Une entreprise qui protège les données de ses collaborateurs, qui encadre rigoureusement les accès et qui investit dans leur formation démontre une attention réelle portée à son capital humain. Dans un contexte de tension sur le marché du travail, cela renforce la confiance et l'engagement des équipes sur le long terme. La transparence est ici un atout : informer ses collaborateurs des dispositifs mis en place, c'est aussi respecter leurs droits en matière de protection des données personnelles.
Le lien direct entre sécurité numérique et continuité d'activité.
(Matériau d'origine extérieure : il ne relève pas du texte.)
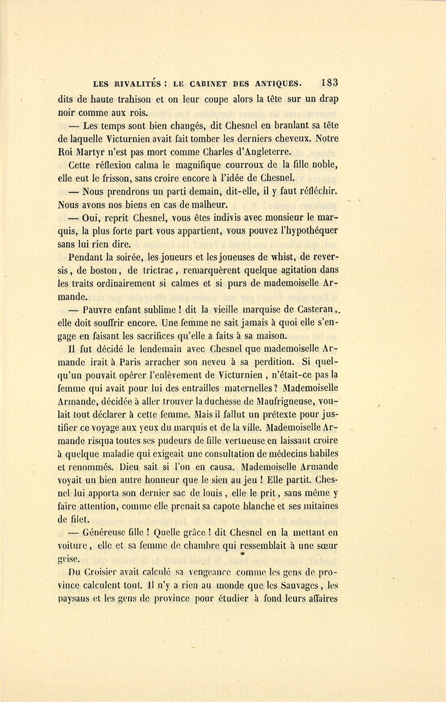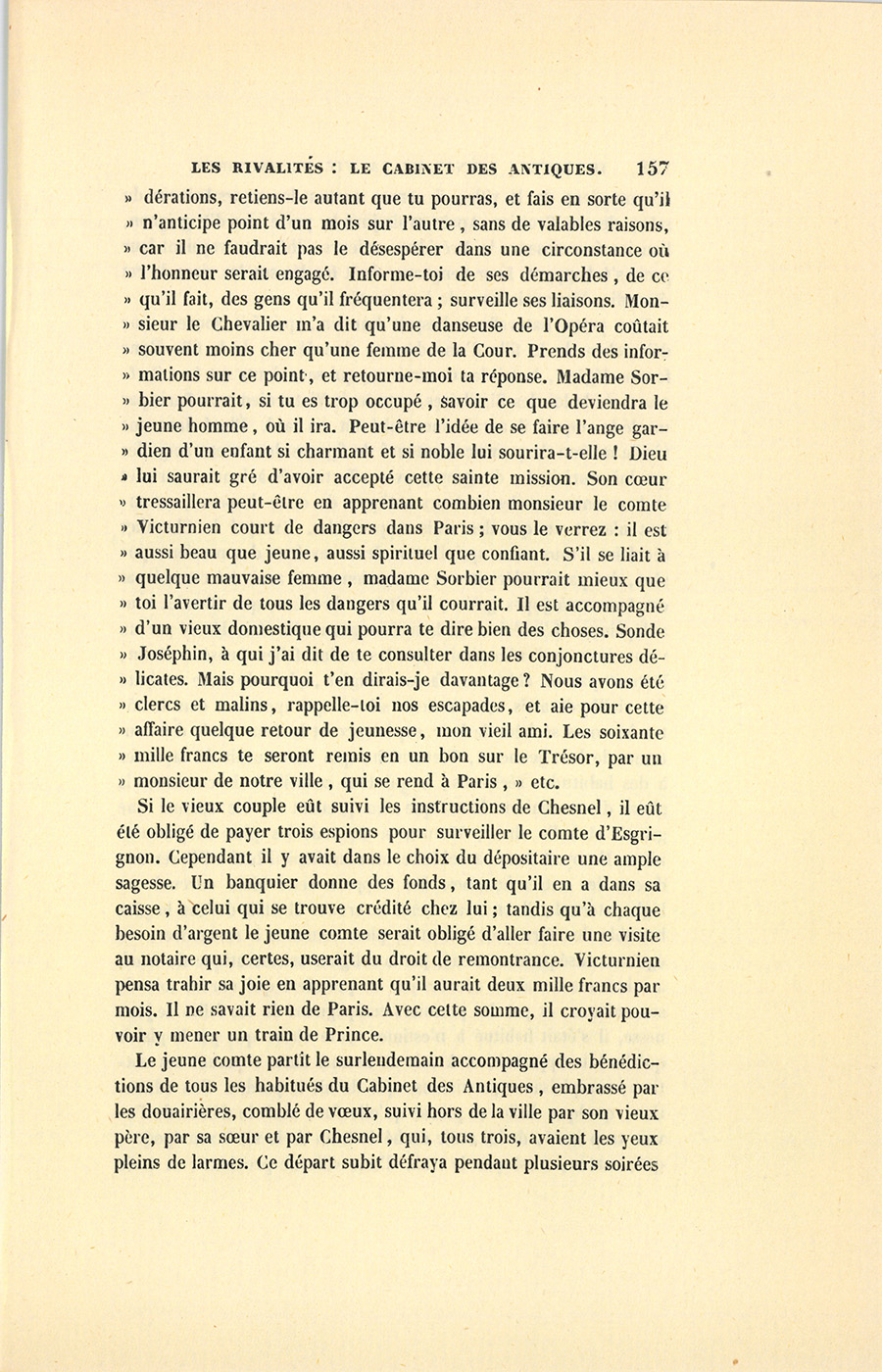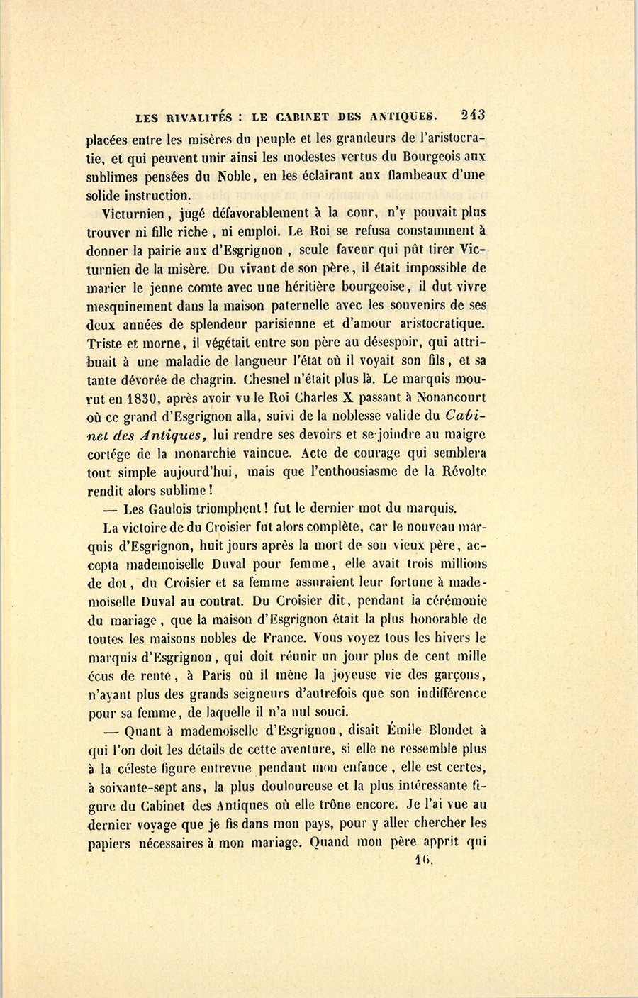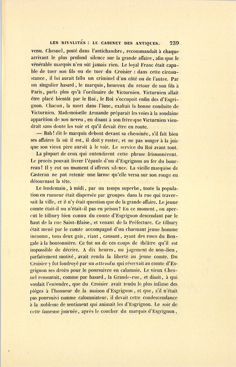 Mademoiselle Armande descendit au salon, et trouva le Cabinet des Antiques au grand complet. Autant pour fêter Monseigneur que pour entourer le marquis d’Esgrignon, chacun des habitués était {p. 239} venu. Chesnel, posté dans l’antichambre, recommandait à chaque arrivant le plus profond silence sur la grande affaire, afin que le vénérable marquis n’en sût jamais rien. Le loyal Franc était capable de tuer son fils ou de tuer du Croisier : dans cette circonstance, il lui aurait fallu un criminel d’un côté ou de l’autre. Par un singulier hasard, le marquis, heureux du retour de son fils à Paris, parla plus qu’à l’ordinaire de Victurnien. Victurnien allait être placé bientôt par le Roi, le Roi s’occupait enfin des d’Esgrignon. Chacun, la mort dans l’âme, exaltait la bonne conduite de Victurnien. Mademoiselle Armande préparait les voies à la soudaine apparition de son neveu, en disant à son frère que Victurnien viendrait sans doute les voir et qu’il devait être en route.

Une cyberattaque mal anticipée peut paralyser l'ensemble des opérations pendant plusieurs jours, voire plusieurs semaines, pour un préjudice moyen de 97 000 euros. Investir dans la cybersécurité n'est pas un coût, c'est une stratégie de résilience qui protège la pérennité de l'entreprise et maintient la confiance de vos clients et fournisseurs. Une culture de la sécurité ne protège pas seulement l'entreprise, elle renforce aussi sa réputation et contribue directement à sa compétitivité.
Anticipation et responsabilité vis-à-vis de vos partenaires.
Dans le cadre de la directive NIS 2, vos donneurs d'ordre sont de plus en plus attentifs au niveau de sécurité de leurs sous-traitants. La sécurité de la chaîne d'approvisionnement est désormais une exigence explicite de la réglementation : une PME incapable d'attester d'une politique de cybersécurité structurée peut se voir exclue de certains marchés ou engager la responsabilité de ses partenaires en cas d'incident. À l'inverse, une PME bien protégée se démarque durablement et évite d'être le maillon faible dans la chaîne de valeur de ses clients.
Finalement, la cybersécurité n'est plus une option réservée aux grandes entreprises.
Face à des menaces en constante évolution, chaque PME est exposée et chaque dirigeant est responsable. Mettre à jour ses équipements, former ses collaborateurs, structurer sa réponse aux incidents : ces mesures concrètes et accessibles peuvent faire la différence entre la continuité d'activité et la fermeture définitive. En l'absence de préparation, lorsque l'incident survient, il est déjà trop tard.